Many companies evaluate multiple chips and acceleration options in parallel. But physical prototypes are often scarce, arrive late, or are shared among many teams. That makes early software bring-up, performance exploration, and regression testing difficult.

MachineWare addresses this with Virtual Platforms (VPs). A VP simulates a complete microprocessor-based system on a general-purpose computer. For example, the following VP includes a RISC-V CPU model, peripherals, and a Neural Processing Unit (NPU):

When done well, software developers can work against a VP with the same workflows they would use on real hardware—often long before physical devices are broadly available. Because it’s software, a VP can also be cloned, versioned, and integrated into CI/CD for repeatable regression testing.

Within AI2EDGE, MachineWare contributes their SIM-V instruction-set simulator for CPU simulation and their open-source peripheral modeling library VCML.

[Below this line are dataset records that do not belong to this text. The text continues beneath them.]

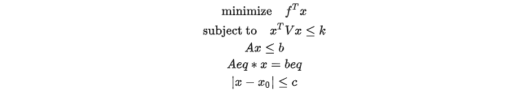 二次不等式约束问题为二次线性约束条件下的线性目标函数的最优化问题,可以直接通过 DolphinDB 中的 qclp 或转换为二阶锥问题进行求解。原问题形式为: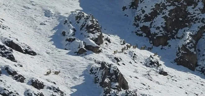 Mevsime bağlı zirvelerden alçak kesimlere inen keçiler kış aylarına yaklaşırken göç yoluna koyuluyor. Göç yolunda karlı zirvelere çıkan yaban keçileri görüntülendi.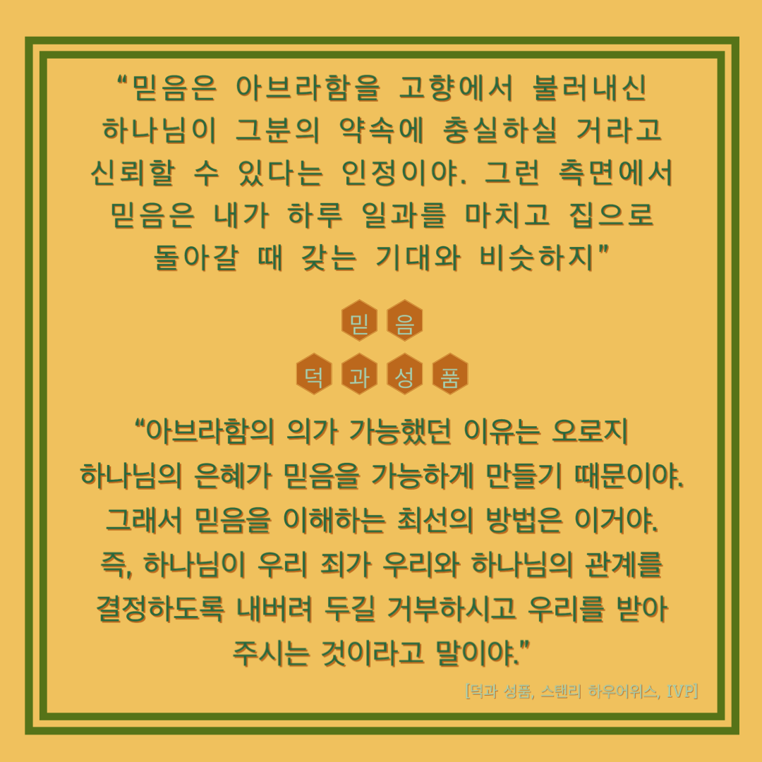 “믿음은 아브라함을 고향에서 불러내신 하나님이 그분의 약속에 충실하실 거라고 신뢰할 수 있다는 인정이야. 그런 측면에서 믿음은 내가 하루 일과를 마치고 집으로 돌아갈 때 갖는 기대와 비슷하지”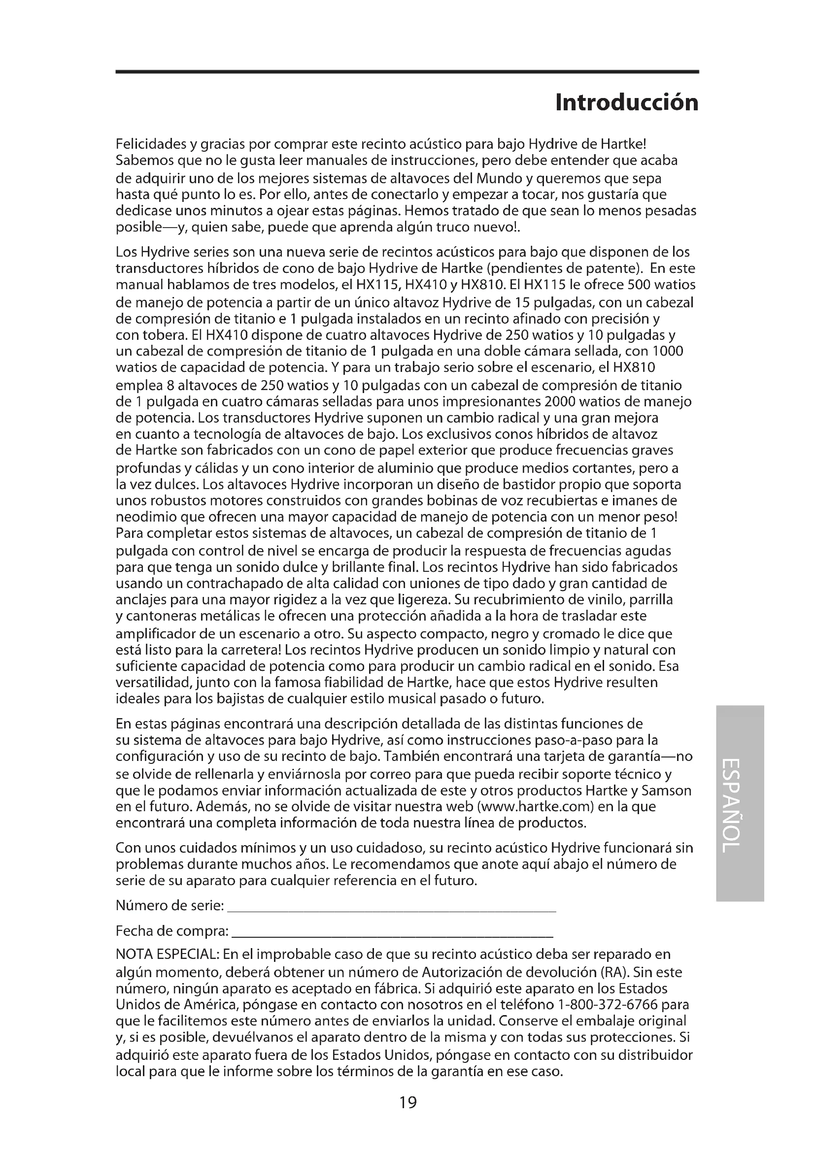 Felicidades y gracias por comprar este recinto acústico para bajo Hydrive de Hartke! Sabemos que no le gusta leer manuales de instrucciones, pero debe entender que acaba de adquirir uno de los mejores sistemas de altavoces del Mundo y queremos que sepa hasta qué punto lo es. Por ello, antes de conectarlo y empezar a tocar, nos gustaría que dedicase unos minutos a ojear estas páginas. Hemos tratado de que sean lo menos pesadas posible—y, quien sabe, puede que aprenda algún truco nuevo!.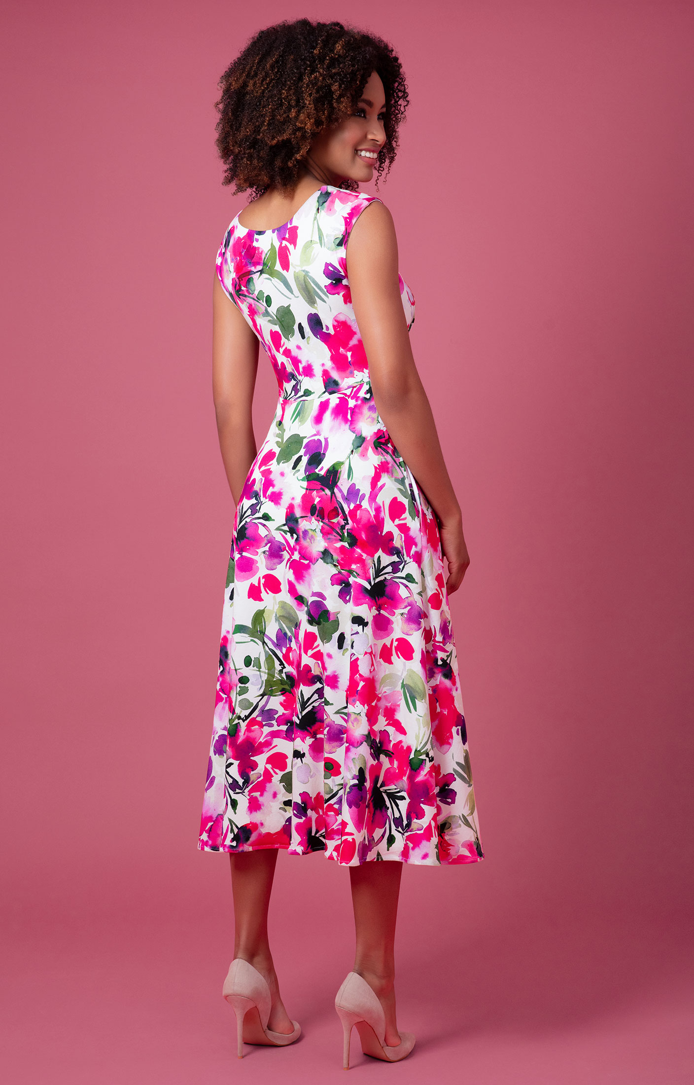 Dominated by rich shades of fuchsia; our new Luna Midi dress features a lively floral pattern that captures the essence of spring and summer gardens in full bloom.

Combining Virtual Platforms and AI Compilers

AI2EDGE combines these two worlds: Roofline’s compilation technology and MachineWare’s simulation technology. The goal is a workflow where teams can answer questions like: “Can my model run on chip X—and what performance should I expect?” …quickly and repeatedly, without needing physical prototypes. This enables rapid iteration across hardware options and reduces risk when selecting a target platform. Use cases and requirements are defined together with Fraunhofer IPT. Overall, the project aims to deliver an integrated system along the following lines:

If you’re working on edge AI deployment and want to reduce the friction between “model trained” and “model running on target hardware,” AI2EDGE is all about closing that gap—by pairing robust compilation with realistic, automation-friendly virtual platforms.